Welcome to The Kimberley WA Blog Site.
Tackling Kimberley Environmental Issues with Lee Scott-Virtue.
This Blog Site will look at a number of the environmental issues that are being tackled by Kimberley Specialists in Research and Kimberley Toad Busters. We are hoping that open debate will increase public awareness of the huge environmental issues effecting the Kimberley.
Burning in the Kimberley! Is this a good or bad management tool?
Please have your say! What is your opinion about aerial burning practices in the Kimberley? Have you noticed any changes in burning practices and its impact on vegetation and other iconic features such as our rivers and creeks? Do you agree with our WA Governments approach to burning? Should Aboriginal Ranger groups also be trained to undertake aerial burning without having any knowledge of what’s on the ground? Is there any sense to the reasons why this aerial burning takes place? Are we burning for the wrong reasons and for the sake of burning? Can you really undertake a ‘controlled’ aerial burn without on-ground management in place?
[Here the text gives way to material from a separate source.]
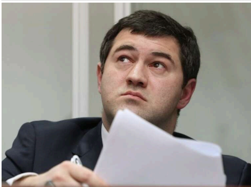
Апеляція ВАКС частково змінила вирок Роману Насірову та постановила стягнути понад 11 мільйонів гривень шкоди

Апеляційна палата Вищого антикорупційного суду частково змінила вирок колишньому голові Державної фіскальної служби Роману Насірову

The Kimberley is frequently described as having a pristine environment with biodiversity rich untouched eco-systems. Nothing could be further from the truth. Poor government land-care and feral animal management decision making, and out of control ‘government directed controlled’ aerial hot burns, deliberately lit burns from the backs of vehicles by people who burn because they think they should, have impacted heavily on the Kimberley environments natural and cultural resources. Aerial and other burning practices have increased exponentially over the past two and a half decades with vast areas of the Kimberley being burnt every year, with some areas experiencing burning more than once. Aerial burning is now being undertaken by the Department of Environment, Fire and Emergency Services and several Aboriginal Corporations with little coordination between any of them. The once magnificent pristine Kimberley river and creek systems are suffering from intense out of control annual burning causing unprecedented flooding and soil movement from catchment areas as well as a steady shifting of many creeks and rivers from perennial flows to barely annual flows. Mound springs are disappearing. Native vegetation is giving way to introduced plant species and dominant woody weeds and to increasing barren de-vegetated areas. Native wild life and cultural rock art assets are being impacted badly by increasingly hot fires. It is obvious to those who have lived in the Kimberley for most if not all their lives that the more ‘controlled’ aerial burning that takes place, the hotter and more frequent the late season fires, one of the reasons provided for the rationalisation behind aerial burning programs. Essentially the Kimberley is now experiencing hot and intense fires for most of the dry and often in some parts of the wet season if the rains have not been good.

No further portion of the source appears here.